Article 122. Whenever a tract of irrigated land which
previously received its waters from a single point is
divided through inheritance, sale or by virtue of some
other title, between two or more owners, the owners
of the higher estates are under obligation to give free
passage to the water as an easement of conduit for the
irrigation of the lower estates, and without right to
any compensation therefore unless otherwise
stipulated in the deed of conveyance. (Art. 122,
Spanish Law of Waters of August 3, 1866.)
No enlightened concept of ownership can shut out the Idea of
restrictions thereon, such as easements. Absolute and
unlimited dominion is unthinkable, inasmuch as the proper
enjoyment of property requires mutual service and forbearance
among adjoining estates (Amor vs. Florentino, 74 Phil. 403).
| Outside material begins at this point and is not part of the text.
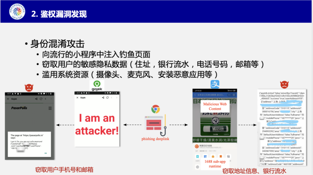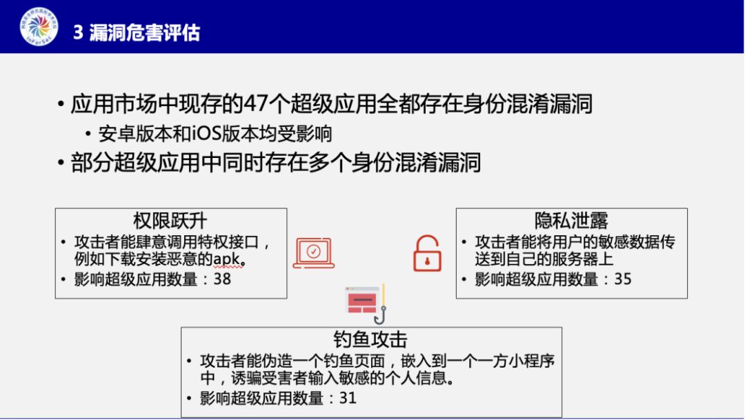 此外,张智搏博士介绍了该漏洞挖掘工作的实验结果以及发现的安全后果。指出47个被研究的超级应用普遍存在身份混淆漏洞,有38个超级应用中会被权限跃升,31个超级应用存在钓鱼攻击的风险,以及35个超级应用存在隐私泄露的风险。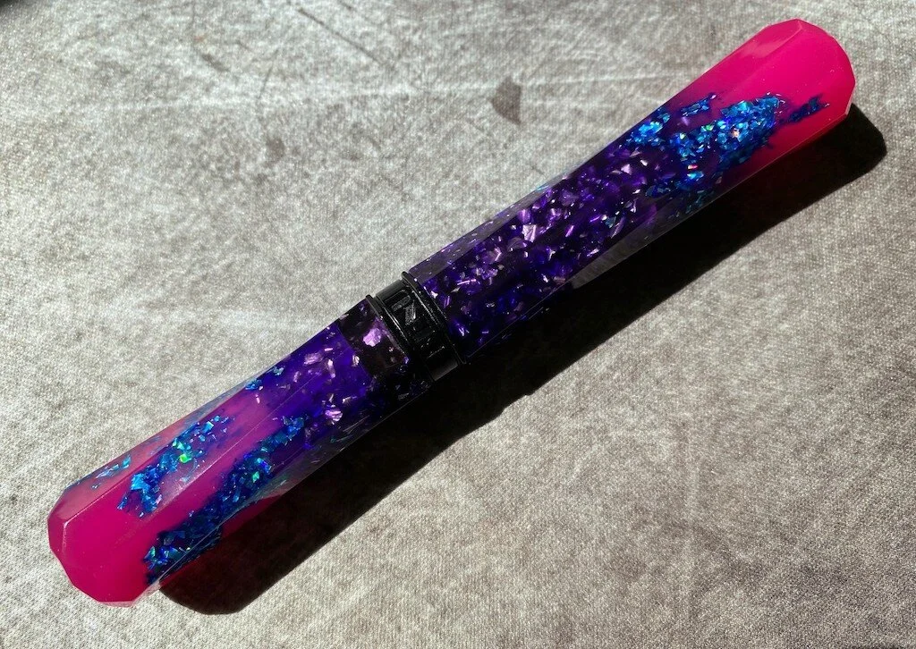 The Scepter pens are shaped acrylic, with swirling facets around the pen that end in twin flared, gem-shaped ends. It's an odd shape, and doesn't look terribly comfortable, but it is surprisingly nice to hold. The flared end balances the section nicely, and the wider part rests against the hand. The grip section, which is plain black, is quite narrow, adding to its somewhat odd silhouette, but it is also a comfortable fit for me. The slightly tapered end of the grip prevents slipping too far, and the step-up to the threads and body is far back enough that it doesn't interfere with the hold at all.

As indicated in the decision dated March 22, 1960 of the
Bureau of Works "the principal issue involved in this case
falls under the subject of servitude of waters which are
governed by Article 648 of the new Civil Code and the
suppletory laws mentioned in the cases of Lunod vs. Meneses
11 Phil. 128) and Osmena vs. Camara (C.A. 380 62773) which
are the irrigation law and the Spanish Law of Waters of
August 3, 1866, specifically Article 122 thereof.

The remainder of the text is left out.